Saturday, January 25, 2014

    It's a bad evening. It's been a bad few days. I drag myself out of bed, I make tea, I go walk in the sun... and I'm happy for a moment. Crash. Make myself get back up, maybe do a tiny bit of cleaning. Crash. Make myself dance. Crash. Constantly. It's an improvement over just spending all day watching television shows in bed, but it is nonetheless extremely frustrating.

   I don't know how to turn this around. How to actually get myself to a point where I can be secure and productive. I suppose that all I know is that I have to keep at it. I need to look at what's going on, and try to change accordingly, but I can't give up. I keep failing, but am I at least failing better? Perhaps.

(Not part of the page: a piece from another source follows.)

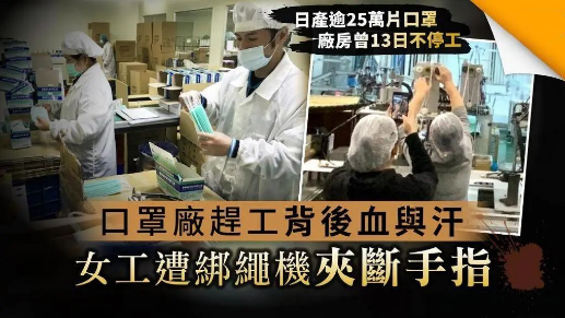 一間口罩工廠被爆為了趕制口罩,導(dǎo)致工人受傷 圖源:臺(tái)媒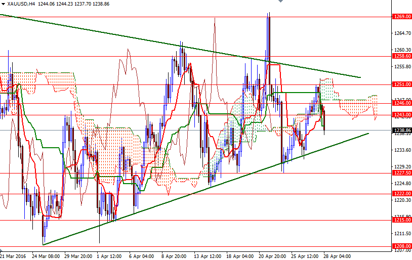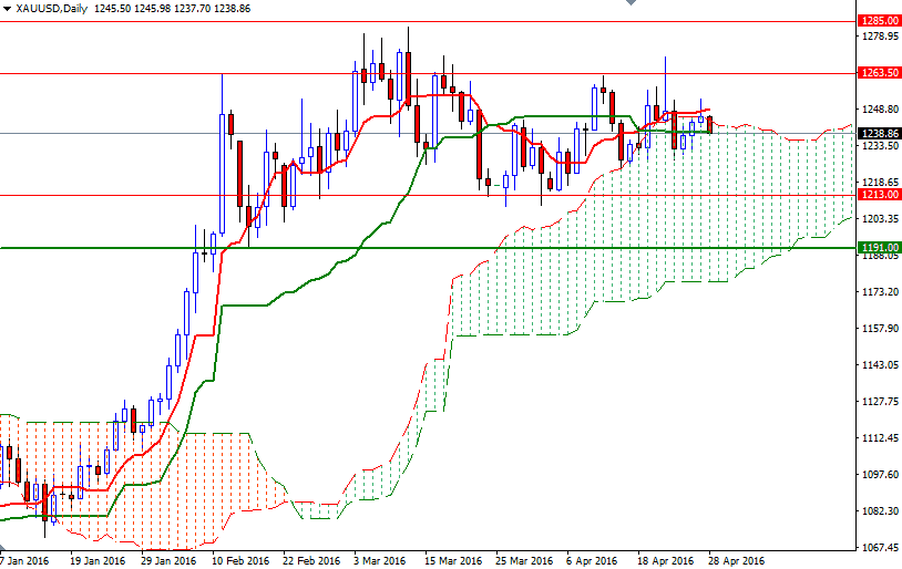 The daily Ichimoku cloud continues to act as a support but prices are still below the cloud on the 4-hour time frame. With the Fed's announcement failing to trigger any strong reaction, it is likely the ranging conditions will continue. In other words, the triangle (marked on the 4-hour chart) will prevail and contain the market.

    I'm just tired. It takes less energy to just be stable than to crash, recover, crash, recover, crash, recover. Even if being stable means being miserable. It's worth the energy if those are my choices, but... fuck, I only have so much energy. What if I burn out before I get to actually happy-stable?

    I don't know. Um. I'm trying to come up with some positive note I can put in. I'd like to think that I'm being resilient. I'm acting like a fighter more. Something. I don't know. It's late. This may be one that gets deleted, and if not, we will hopefully soon return to your regularly scheduled cheesy positivity.